## What to produce
What should be copied is the stretch of entries below from the line with "籃球媒體人:遼寧隊(duì)已經(jīng)簽約第六外援" up to and including the line with "Ensemble Jupe Jean", exactly and without images.

## Excerpted records
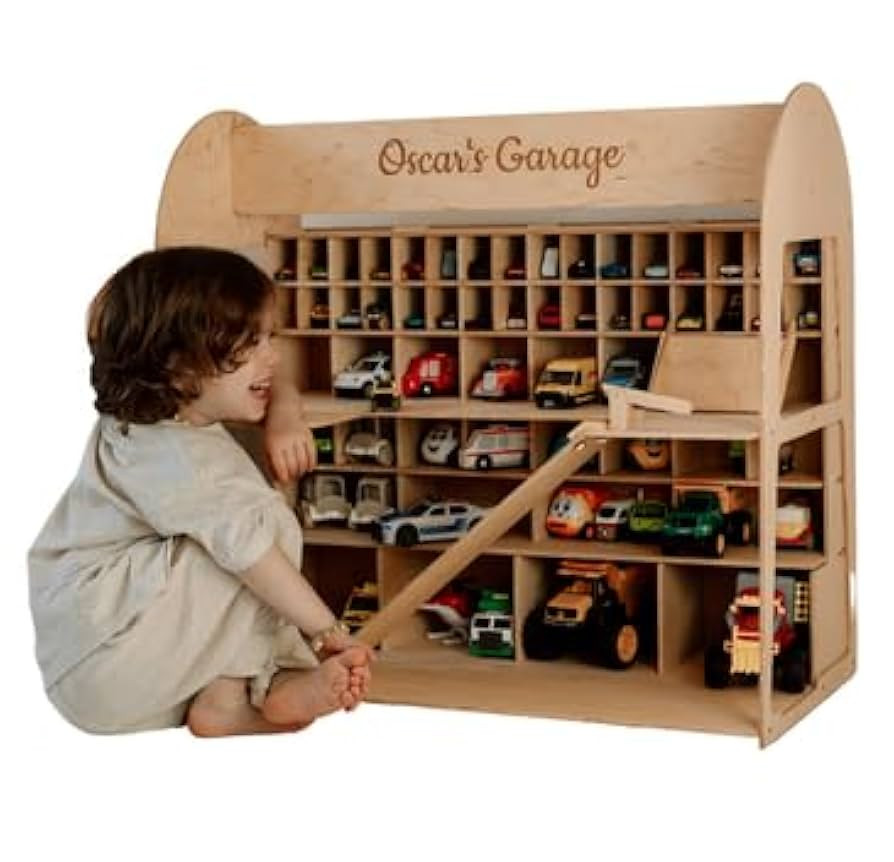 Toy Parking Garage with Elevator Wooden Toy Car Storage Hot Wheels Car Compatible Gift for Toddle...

--

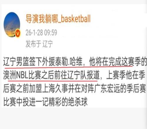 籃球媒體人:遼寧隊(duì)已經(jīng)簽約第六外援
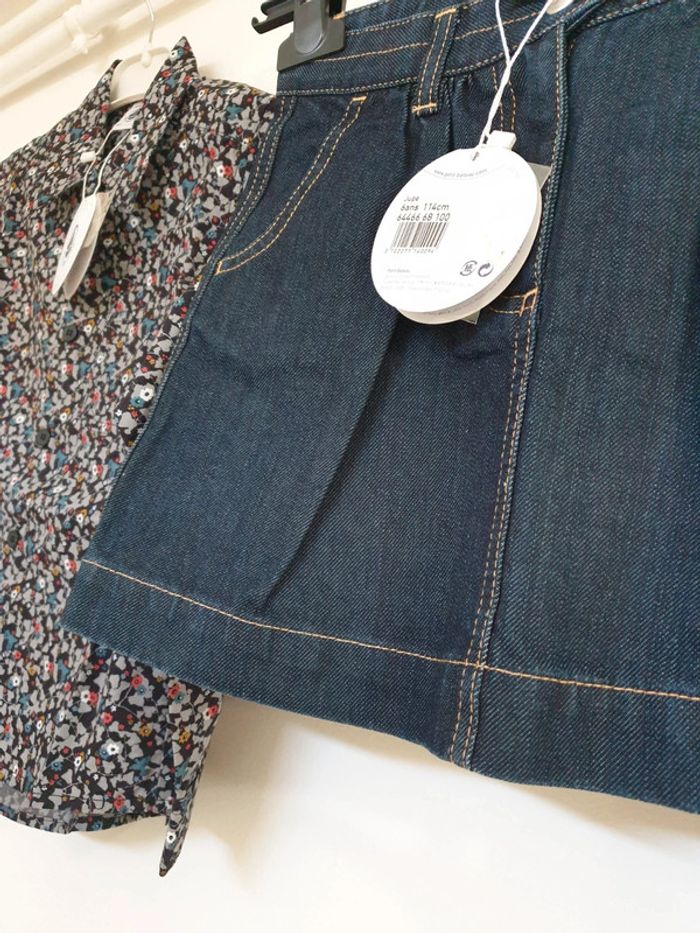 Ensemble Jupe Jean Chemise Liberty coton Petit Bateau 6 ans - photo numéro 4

## Response
 籃球媒體人:遼寧隊(duì)已經(jīng)簽約第六外援
 Ensemble Jupe Jean Chemise Liberty coton Petit Bateau 6 ans - photo numéro 4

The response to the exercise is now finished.